- [What you need to do]
Only one stretch of the data below is wanted: the lines from the one with "3、线圈不吸潮,铁心、夹件经" through the one with "- 1 банка |", repeated exactly.
*** Opening of Input data ***
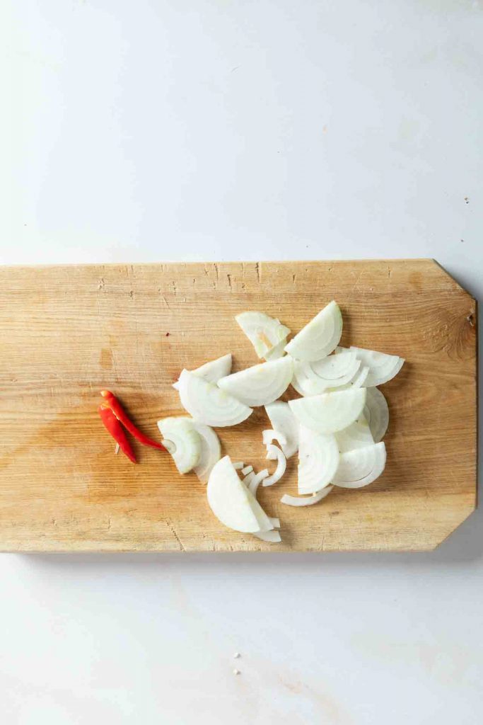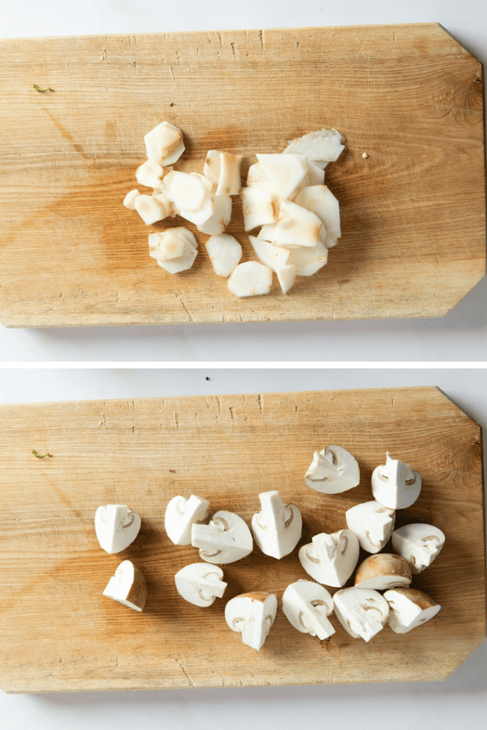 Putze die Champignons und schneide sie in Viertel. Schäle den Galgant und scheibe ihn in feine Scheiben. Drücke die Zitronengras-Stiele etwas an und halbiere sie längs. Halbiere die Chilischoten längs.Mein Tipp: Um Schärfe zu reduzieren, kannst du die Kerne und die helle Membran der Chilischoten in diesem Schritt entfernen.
*** Close of Input data ***
*** Opening of Input data ***
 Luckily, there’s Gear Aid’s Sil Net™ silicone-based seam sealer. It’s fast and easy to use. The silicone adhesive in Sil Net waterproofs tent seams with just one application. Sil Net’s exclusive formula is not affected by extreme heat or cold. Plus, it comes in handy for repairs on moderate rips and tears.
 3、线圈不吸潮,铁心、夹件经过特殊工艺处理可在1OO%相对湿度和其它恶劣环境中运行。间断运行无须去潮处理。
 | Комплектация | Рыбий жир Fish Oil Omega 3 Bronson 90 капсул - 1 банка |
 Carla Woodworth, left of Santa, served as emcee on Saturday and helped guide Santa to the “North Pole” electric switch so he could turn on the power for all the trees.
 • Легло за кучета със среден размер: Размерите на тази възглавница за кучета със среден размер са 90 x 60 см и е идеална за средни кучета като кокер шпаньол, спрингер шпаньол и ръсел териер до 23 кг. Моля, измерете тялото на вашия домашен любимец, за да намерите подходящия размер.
*** Close of Input data ***
- [Solution to the exercise]
 3、线圈不吸潮,铁心、夹件经过特殊工艺处理可在1OO%相对湿度和其它恶劣环境中运行。间断运行无须去潮处理。
 | Комплектация | Рыбий жир Fish Oil Omega 3 Bronson 90 капсул - 1 банка |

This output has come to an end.